**Work request**:
Although pictures appear in the data, the answer should contain only the lines from its start through the line with "[01:47.02] | 那弱水三千若能把那今生湮灭 |", written out exactly.

**Record extracts**:
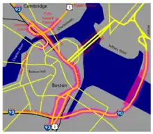 Великий бостонський тунель (англ. Central Artery/Third Harbor Tunnel Project; неоф. англ. Big Dig - Велика траншея) - 8-смугова магістраль, найдорожчий проект в історії будівництва США.
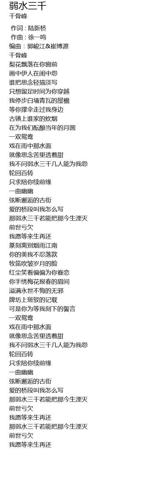 | [01:47.02] | 那弱水三千若能把那今生湮灭 |
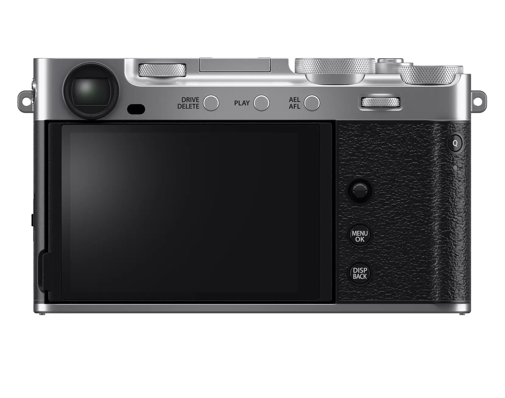 Pour la lecture multimédia, la prévisualisation et la navigation dans les menus, le X-E5 est équipé d'un écran LCD tactile de 3 pouces inclinable sur trois axes et d'une résolution de 1,04 million de points. Décalé sur le côté gauche de sa plaque supérieure en aluminium se trouve le viseur OLED de type télémètre du X-E5. Avec une résolution de 2,36 millions de points, un grossissement de 0,62x et une zone de couverture de 100 %, le viseur électronique offre un aperçu précis de la zone de capture de l'appareil photo. Simulant le viseur d'un reflex analogique, le viseur électronique peut être commuté en mode d'affichage classique, ce qui crée une interface visuelle claire ne conservant que les informations d'exposition. L'écran LCD tactile et le viseur électronique offrent trois modes Surround View qui déterminent si le bord extérieur d'un cadre est souligné, semi-transparent ou entièrement obscurci lors de la prise de vue dans des formats d'image autres que 3:2.
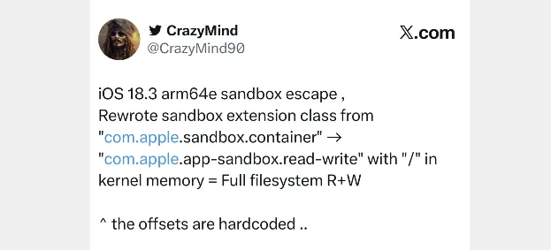 在4月3日下午时段,CrazyMind90 大佬在 X 推特上告诉我们可以使用 DarkSword 漏洞实现 Filza 文件管理器,测试设备是 iOS 18.3 系统,实现sandbox escape 沙箱逃逸。
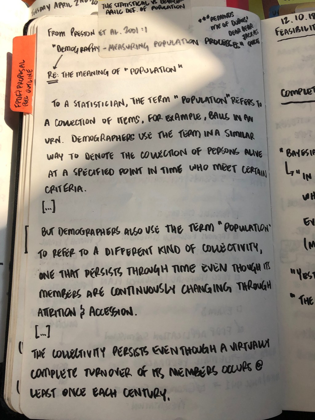 This article is short & informative about the abstract processes & assumptions involved in defining a population as a biological unit. One of the easier ways to make sense of this is to approach it from how statisticians define populations versus demographers. Below is a picture of one of my notebooks where I wrote down the definitions of population from Preston et al. (2001:1) “Demography – Measuring Population Processes”.
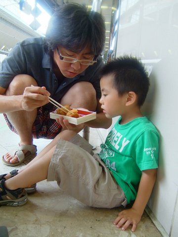 待合室が激混み&冷房効きすぎのため、弁当もホームで電車見ながら食べまっす。
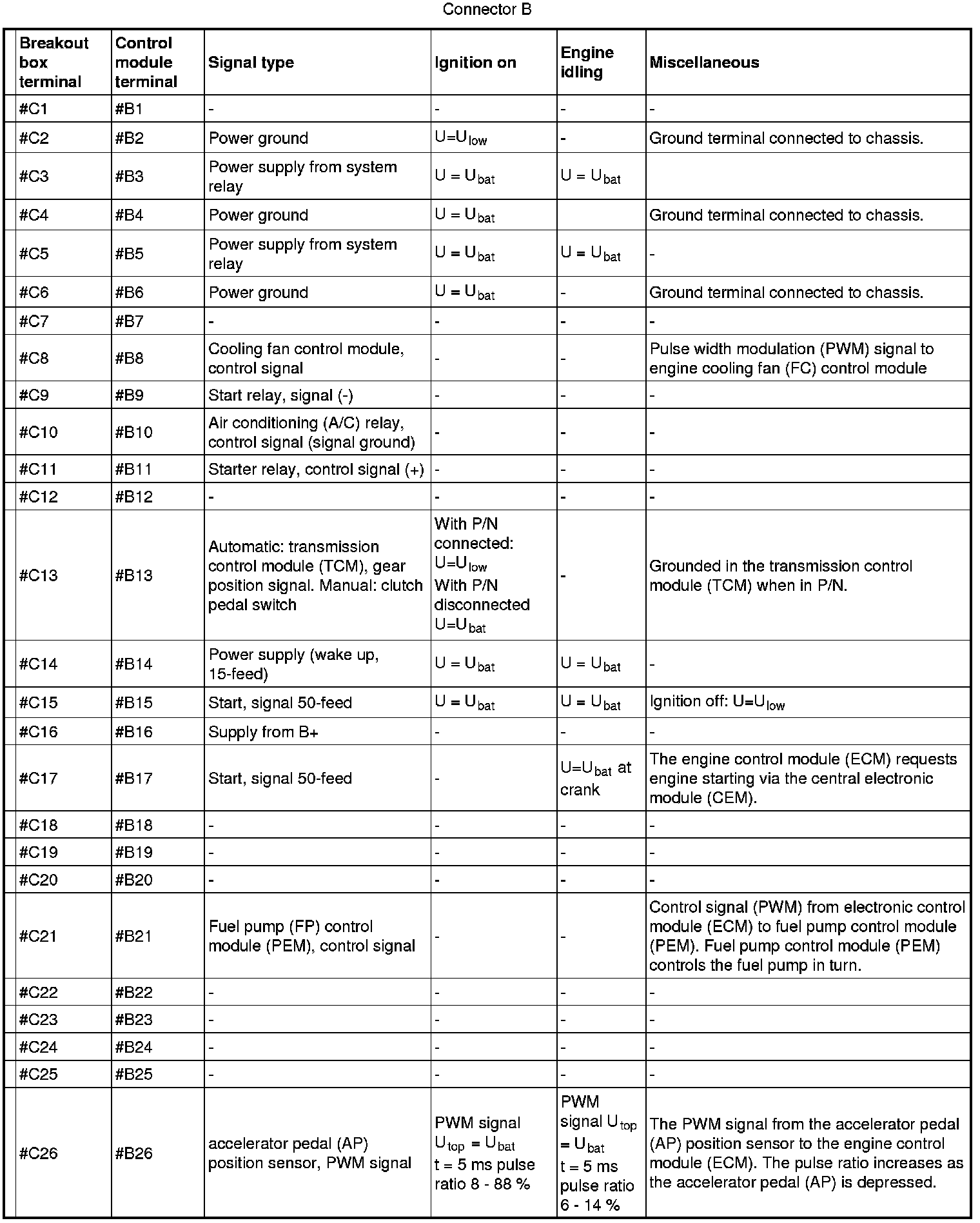 Connector B (58-pin engine side) corresponds to terminals #C1 - #58 on the breakout box.
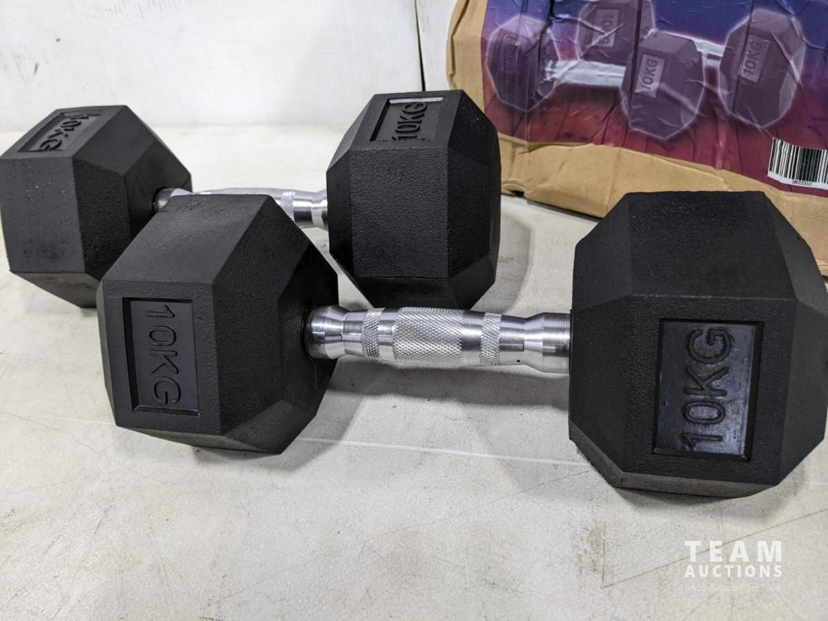 1474 (2) 10 kg Hex Dumbells (Unused)
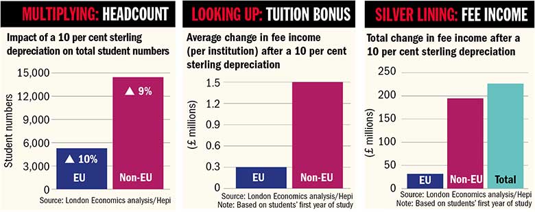 But the positive impact from sterling’s depreciation “assumes that the resulting additional 20,000 students are permitted to study in the United Kingdom. If this is not the case, then the £227 million potential gain that might be achieved by UK higher education institutions may not be realised or only realised in part – thus representing the potential loss associated with restricting international student numbers”, the report says.

**Task solution**:
 Великий бостонський тунель (англ. Central Artery/Third Harbor Tunnel Project; неоф. англ. Big Dig - Велика траншея) - 8-смугова магістраль, найдорожчий проект в історії будівництва США.
 | [01:47.02] | 那弱水三千若能把那今生湮灭 |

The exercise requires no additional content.